49 The Financiers' submissions on cl 5.1(a)(iii) of the Required Consent Report should also be accepted. Conformably with cl 3.2(d)(i) of the Override Deed, the effect of cl 5.1(a)(iii) was to confirm that the payment of the Moly-Cop sale proceeds to the Financiers did not consequentially reduce the quantum of the amount in respect of which the Financiers were entitled to lodge a proof of debt. Additionally, and contrary to Epic's submissions, this clause did not seek (impermissibly) to vary the Financiers' entitlements under the DOCA but, rather, was consistent with cl 19.1 of the DOCA which provided that each Arrium creditor's entitlements were to be adjudicated by the Deed Administrators "as at the Appointment Date", namely 7 April 2016 (Sch A - Dictionary, definition of "Appointment Date").
50 As the expression "Amount Owing" is also used in cl 3 of the Deed Poll in its defined sense the use of the expression in that context is also to be construed conformably with its use in the Override Deed.

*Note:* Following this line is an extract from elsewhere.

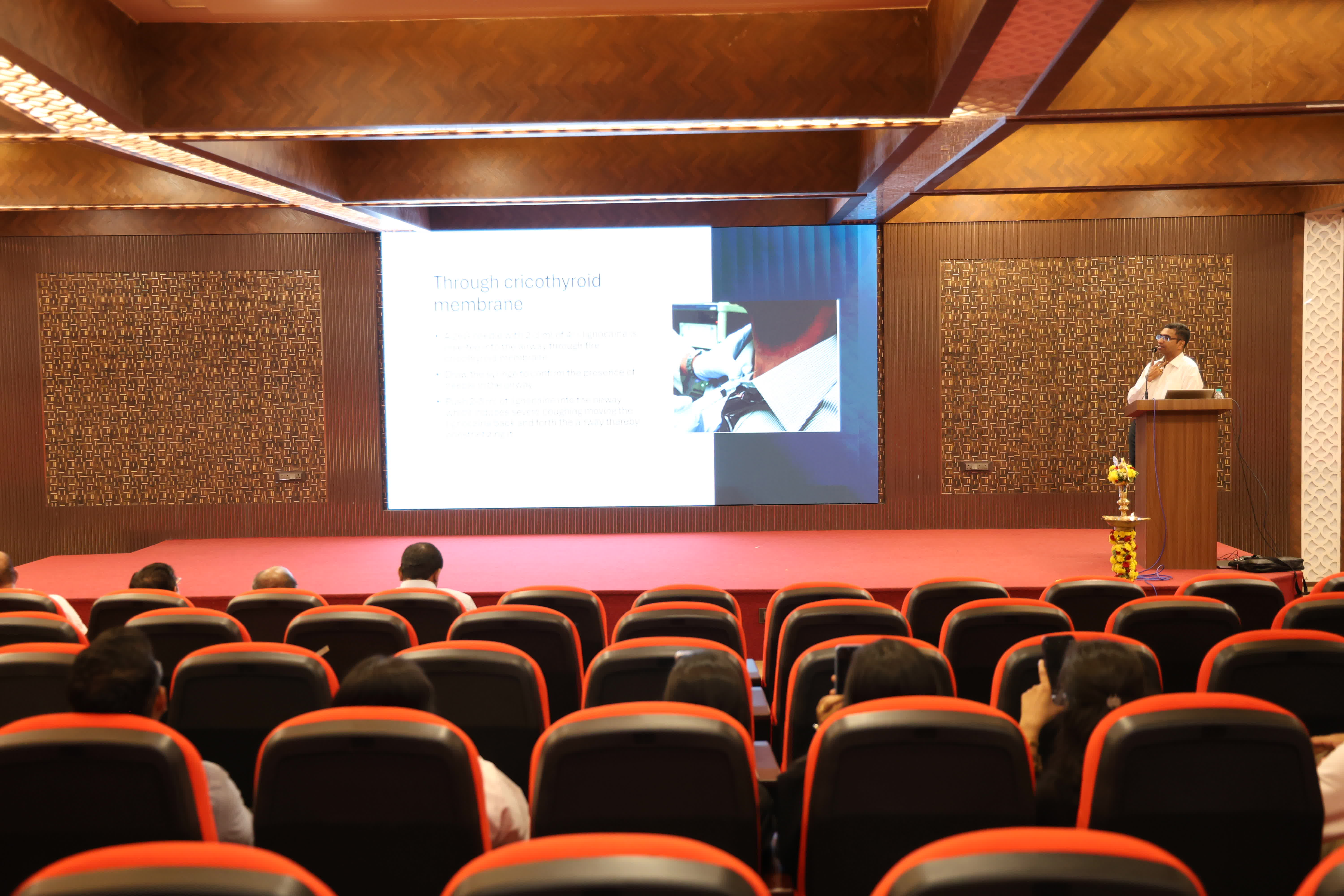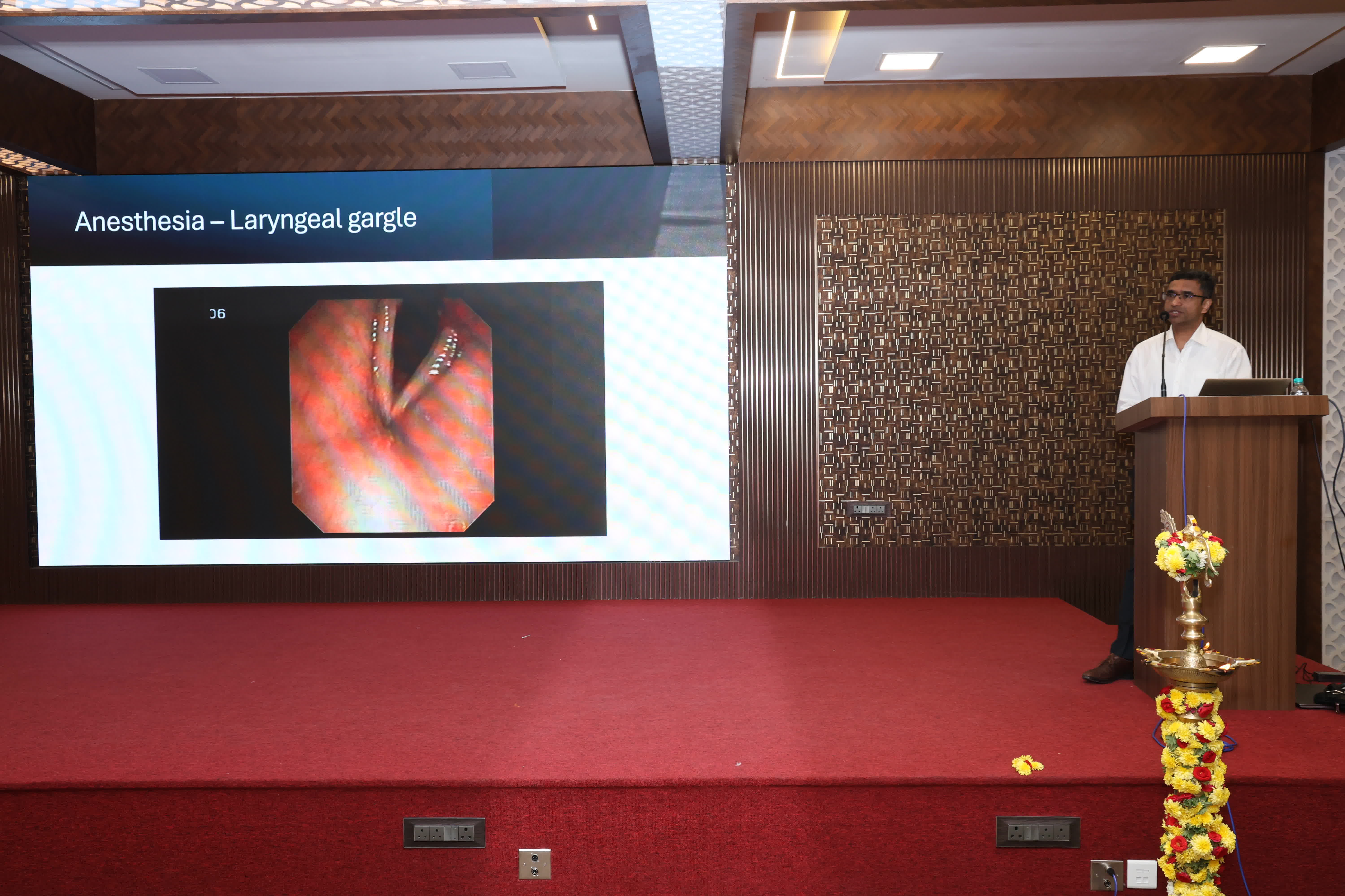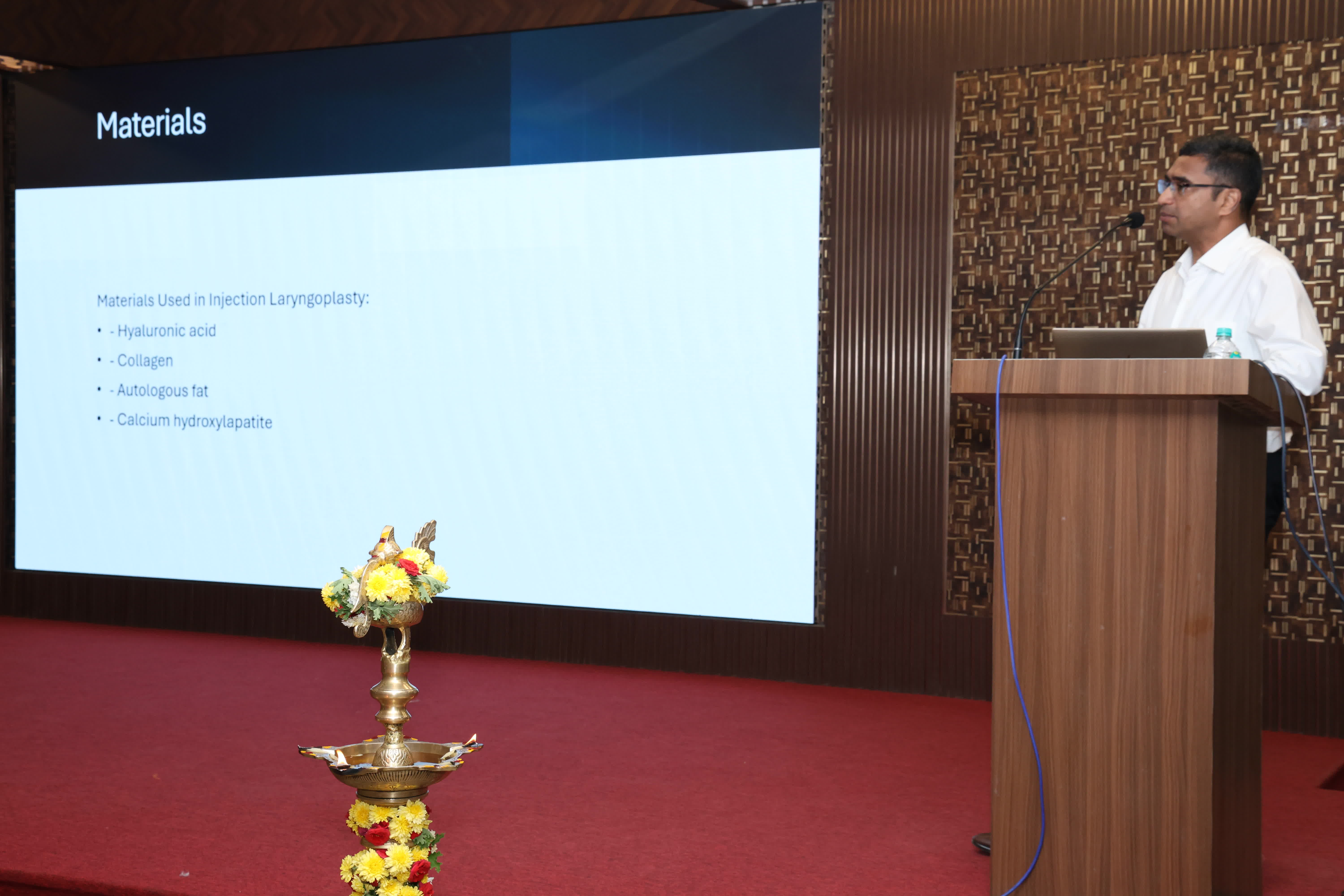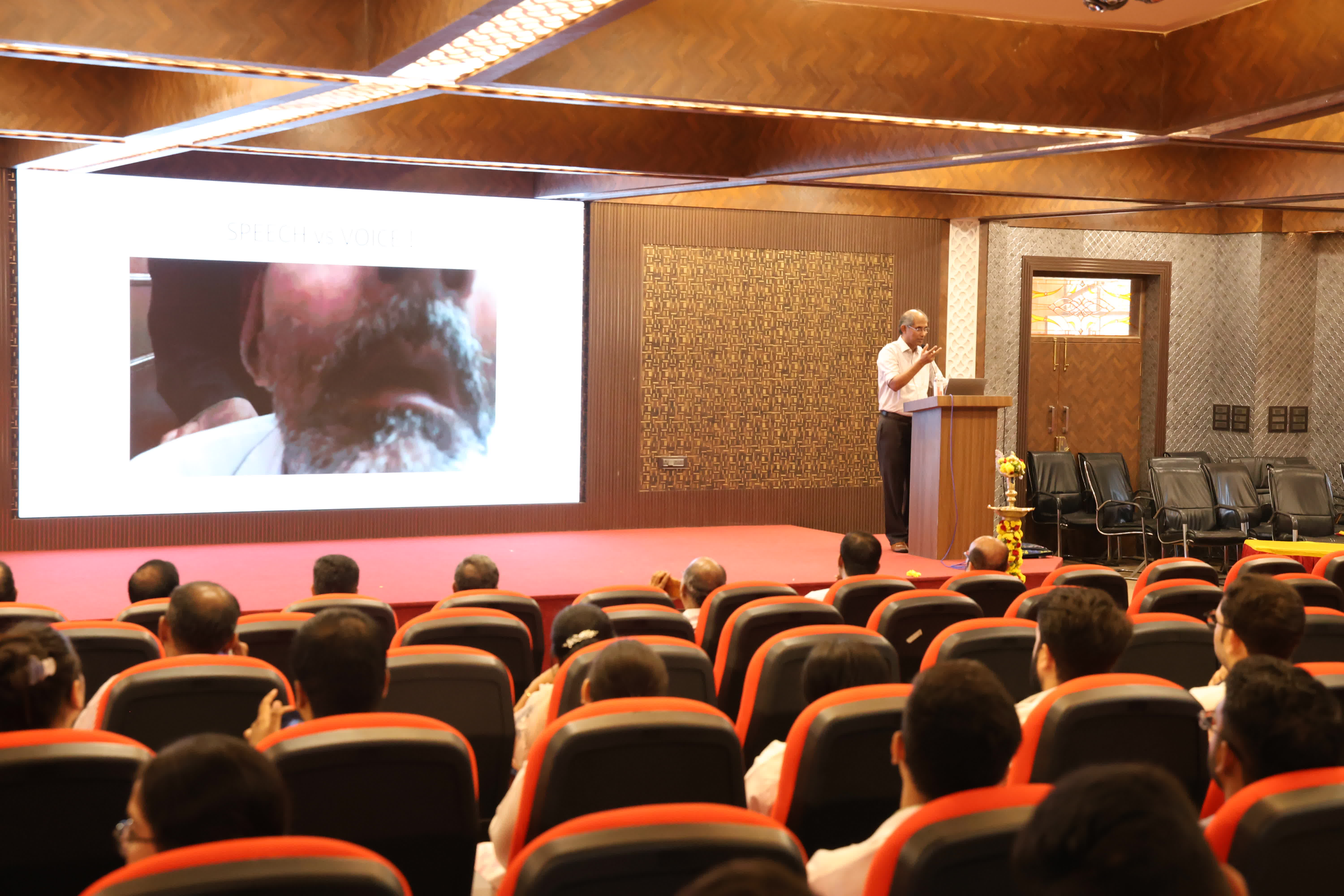 Following this, Dr. Manjunath M.K. presented a detailed lecture on “Thyroplasty and Injection Laryngoplasty”, focusing on surgical techniques for voice restoration. He shared his expertise on patient selection, procedural nuances, and outcome expectations, offering practical guidance drawn from his extensive surgical experience.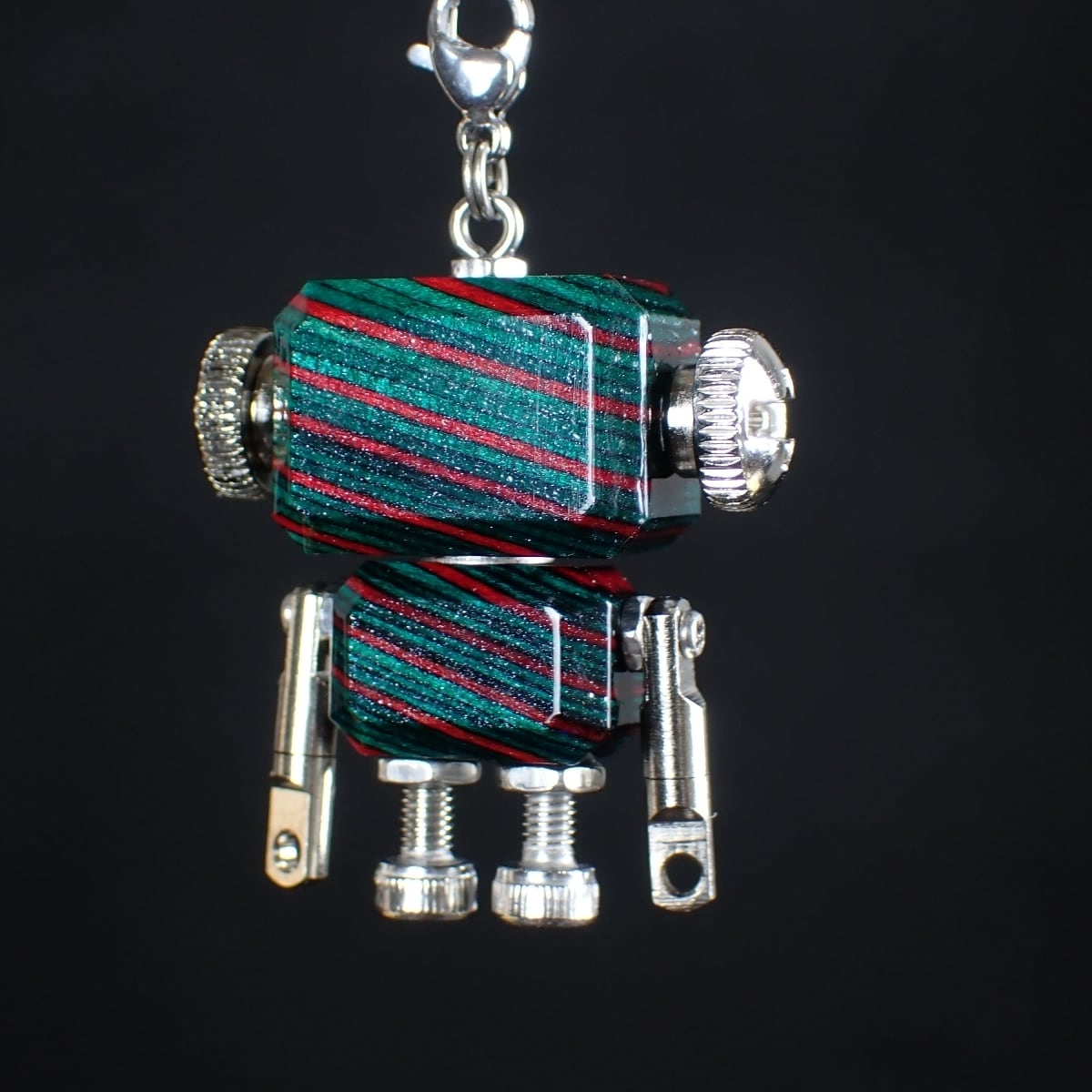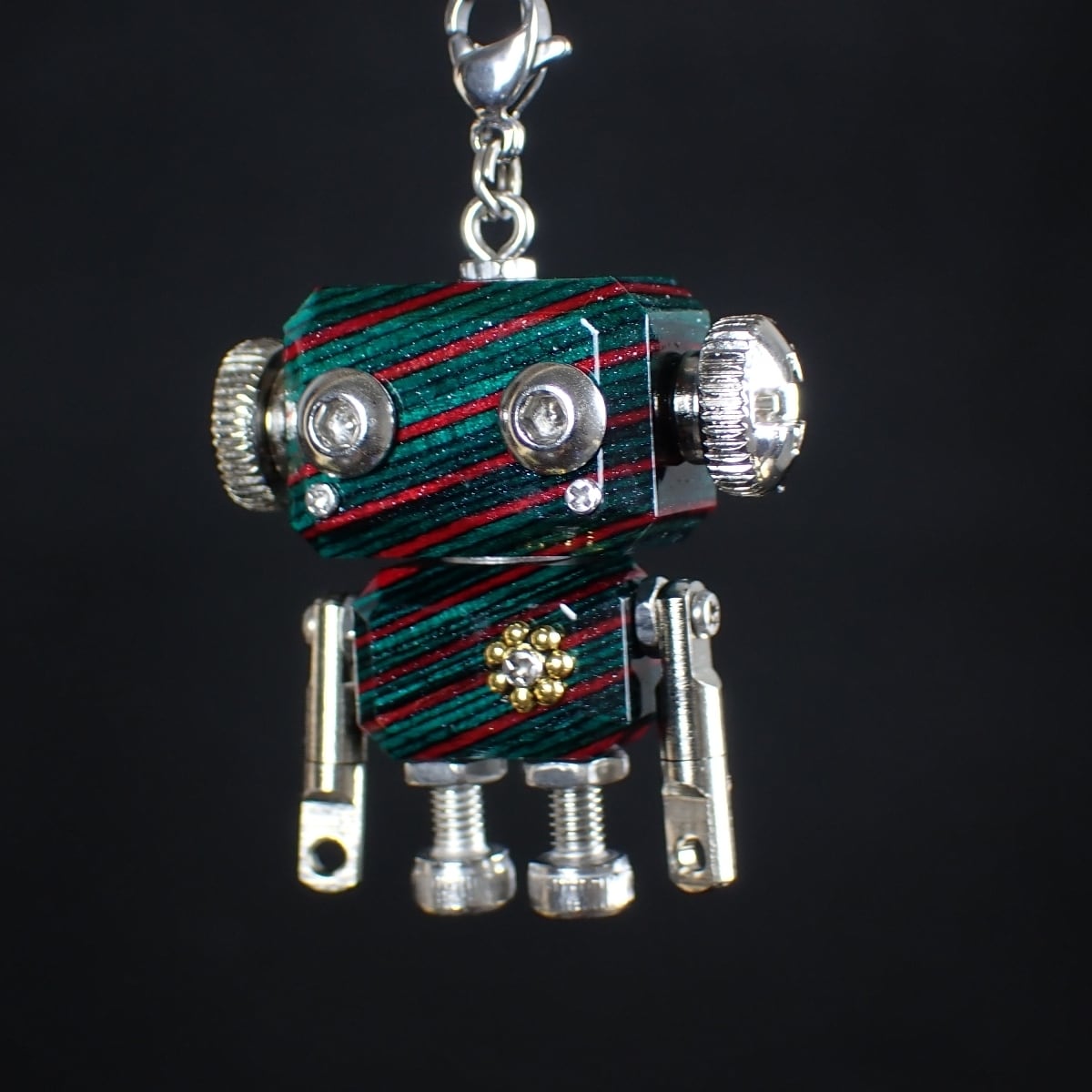 ・木材やレジン等の素材と金属パーツを組み合わせたロボットモチーフのキーホルダーチャームです。

Moreover, as required by cl 3.2(e) of the Override Deed, cl 3 of the Deed Poll confirmed par 3.2(d) of the Override Deed.
51 In my view, read in context, there is no uncertainty or ambiguity about the meaning of "Amount Owing", as that expression is used in each of the three documents under consideration, and I accept as correct the construction advanced by the Financiers that the Moly-Cop proceeds did not reduce the "Amount Owing" to the Financiers. Epic's claim that the Financiers' contentions "involve the proposition that the parties effected a transaction that was grossly uncommercial" does not assist its argument. Such a claim, as asserted by Epic, if it may properly be made (about which I express no view at all), and if it be relevant on the construction question, does not mean that the Court should not give the text the meaning that arises on the unambiguous language but adopt a different construction to avoid giving the documents an operation which may be grossly uncommercial. In such a circumstance, the uncommerciality of the transaction would be a consequence of the deal struck, not the construction of the language. Moreover, if I am wrong and there is ambiguity or uncertainty arising on the textual analysis, reference to the surrounding circumstances and mutual knowledge of the parties does not direct any different conclusion on the construction of the documents. The administrators and various Arrium Group companies entered into the contractual acknowledgments, undertakings and commitments contained in the three documents as part of the commercial arrangements reached by the parties to enable the Moly-Cop sale entities to be sold free from the Financiers' claims and in the context where the enterprise value of the Moly-Cop business was less than the Debt owing to the Financiers and the Financiers' release of the Moly-Cop sale entities from their obligations under the guarantees was necessary for the sale of those entities. As between the parties themselves, it cannot be said that the effect of the documents, on the construction I have found, makes commercial nonsense or causes commercial inconvenience in a way that casts doubt on whether the parties intended the documents to have the meaning conveyed by the textual analysis (Mount Bruce at [51]).
52 Accordingly, the answer to both parts of the question is "yes".
I certify that the preceding fifty-two (52) numbered paragraphs are a true copy of the Reasons for Judgment herein of the Honourable Justice Davies.